Closed funnypig521 closed 2 years ago

funnypig521 commented 2 years ago

Excuse me, I can not reproduce your results.For 81 frames, I can only achieve 44.83mm MPJPE, and for 351 frame, just 43.17mm.Would you please tell me the reason or show me the way to revisit results? It would be better if you could share the training log.Thanks a lot!!!

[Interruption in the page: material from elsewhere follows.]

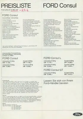 Ford Consul Preisliste 3.1974
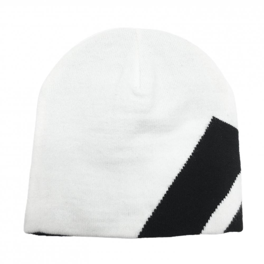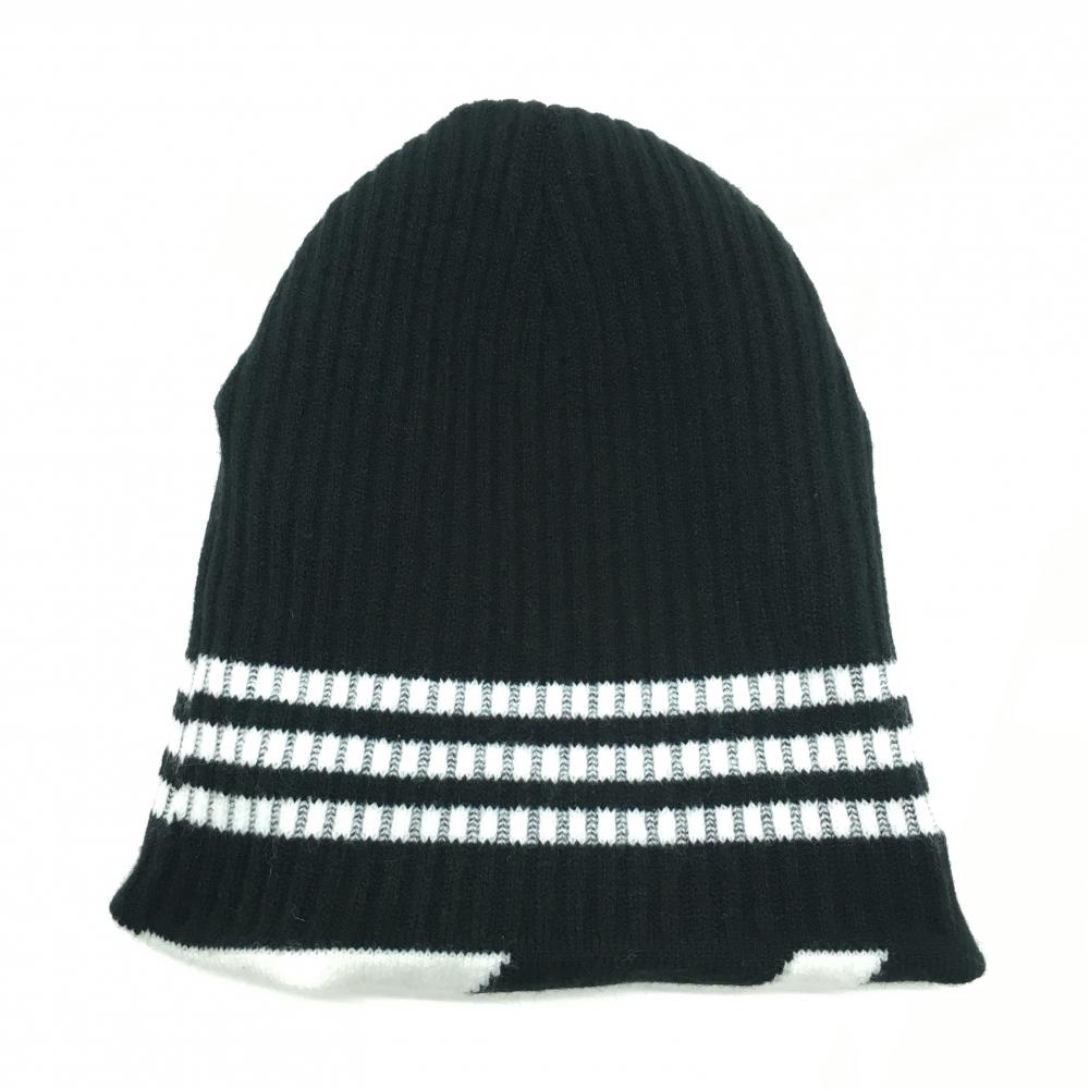 【超美品】アディダス リバーシブルニット帽 白×黒 ロゴ刺しゅう 裏3ライン ゴルフウェア adidas

alecda573 commented 2 years ago

@funnypig521 are these for the cpn detections or the gt? Also, if this is the validation loss printed during training that is frame-wise loss they are reporting the action-wise average which usually decreases about half a mm from frame-wise average

funnypig521 commented 2 years ago

@alecda573 They are both for CPN detections.Here are my training logs and test results for 81 frames.Could you please explain more specifically? 2022/03/23 16:55:35 epoch: 1, lr: 0.0010000, loss: 0.0516, mpjpe: 49.42 2022/03/23 18:00:17 epoch: 2, lr: 0.0009500, loss: 0.0348, mpjpe: 45.19 2022/03/23 19:05:02 epoch: 3, lr: 0.0009025, loss: 0.0320, mpjpe: 45.65 2022/03/23 20:09:48 epoch: 4, lr: 0.0008574, loss: 0.0307, mpjpe: 45.45 2022/03/23 21:14:32 epoch: 5, lr: 0.0008145, loss: 0.0299, mpjpe: 44.95 2022/03/23 22:19:18 epoch: 6, lr: 0.0004073, loss: 0.0285, mpjpe: 45.12 2022/03/23 23:24:02 epoch: 7, lr: 0.0003869, loss: 0.0282, mpjpe: 45.14 2022/03/24 00:28:50 epoch: 8, lr: 0.0003675, loss: 0.0280, mpjpe: 45.13 2022/03/24 01:32:58 epoch: 9, lr: 0.0003492, loss: 0.0278, mpjpe: 45.34 2022/03/24 02:37:06 epoch: 10, lr: 0.0003317, loss: 0.0276, mpjpe: 44.83 2022/03/24 03:41:13 epoch: 11, lr: 0.0001659, loss: 0.0272, mpjpe: 45.58 2022/03/24 04:45:19 epoch: 12, lr: 0.0001576, loss: 0.0271, mpjpe: 45.67 2022/03/24 05:49:27 epoch: 13, lr: 0.0001497, loss: 0.0269, mpjpe: 45.00 2022/03/24 06:53:33 epoch: 14, lr: 0.0001422, loss: 0.0269, mpjpe: 45.43 2022/03/24 07:57:39 epoch: 15, lr: 0.0001351, loss: 0.0268, mpjpe: 45.69 2022/03/24 09:01:57 epoch: 16, lr: 0.0000675, loss: 0.0267, mpjpe: 45.18 2022/03/24 10:06:42 epoch: 17, lr: 0.0000642, loss: 0.0266, mpjpe: 46.29 2022/03/24 11:11:26 epoch: 18, lr: 0.0000610, loss: 0.0265, mpjpe: 46.06 2022/03/24 12:16:10 epoch: 19, lr: 0.0000579, loss: 0.0265, mpjpe: 46.02 2022/03/24 13:20:56 epoch: 20, lr: 0.0000550, loss: 0.0266, mpjpe: 47.05

100%|███████████████████████████████████████| 4245/4245 [08:32<00:00, 8.28it/s] ===Action=== ==MPJPE=== Directions 41.13 Discussion 45.84 Eating 41.87 Greeting 43.21 Phoning 45.91 Photo 51.45 Posing 42.38 Purchases 42.51 Sitting 54.86 SittingDown 62.31 Smoking 45.58 Waiting 42.50 WalkDog 47.61 Walking 31.99 WalkTogether 33.34 Average 44.83 mpjpe: 44.83

alecda573 commented 2 years ago

@funnypig521 you are essentially right where you should be. They report 44.5 as the erro for the 81 frame model for cpn detections.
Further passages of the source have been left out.